:: DATASET EXCERPT
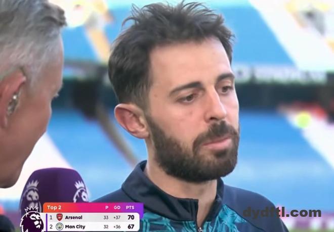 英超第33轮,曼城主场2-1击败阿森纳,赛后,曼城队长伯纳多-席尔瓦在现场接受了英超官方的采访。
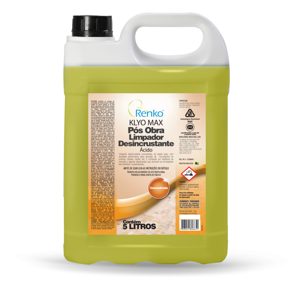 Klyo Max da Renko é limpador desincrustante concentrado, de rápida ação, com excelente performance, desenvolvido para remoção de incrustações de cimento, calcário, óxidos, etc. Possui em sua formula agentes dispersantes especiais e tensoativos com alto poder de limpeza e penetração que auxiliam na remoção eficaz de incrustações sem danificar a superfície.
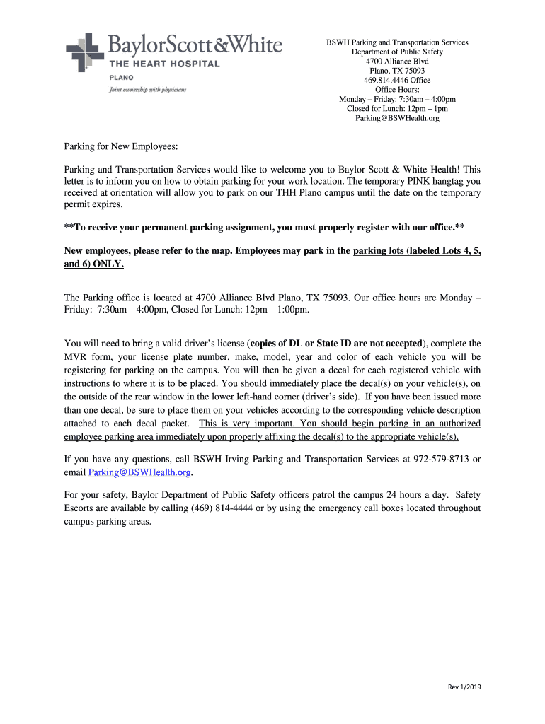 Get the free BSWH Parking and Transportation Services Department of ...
::::
◆ DESCRIPTION OF THE TASK:
Return the listing unchanged, but drop every picture.

◆ YOUR RESPONSE:
 英超第33轮,曼城主场2-1击败阿森纳,赛后,曼城队长伯纳多-席尔瓦在现场接受了英超官方的采访。
 Klyo Max da Renko é limpador desincrustante concentrado, de rápida ação, com excelente performance, desenvolvido para remoção de incrustações de cimento, calcário, óxidos, etc. Possui em sua formula agentes dispersantes especiais e tensoativos com alto poder de limpeza e penetração que auxiliam na remoção eficaz de incrustações sem danificar a superfície.
 Get the free BSWH Parking and Transportation Services Department of ...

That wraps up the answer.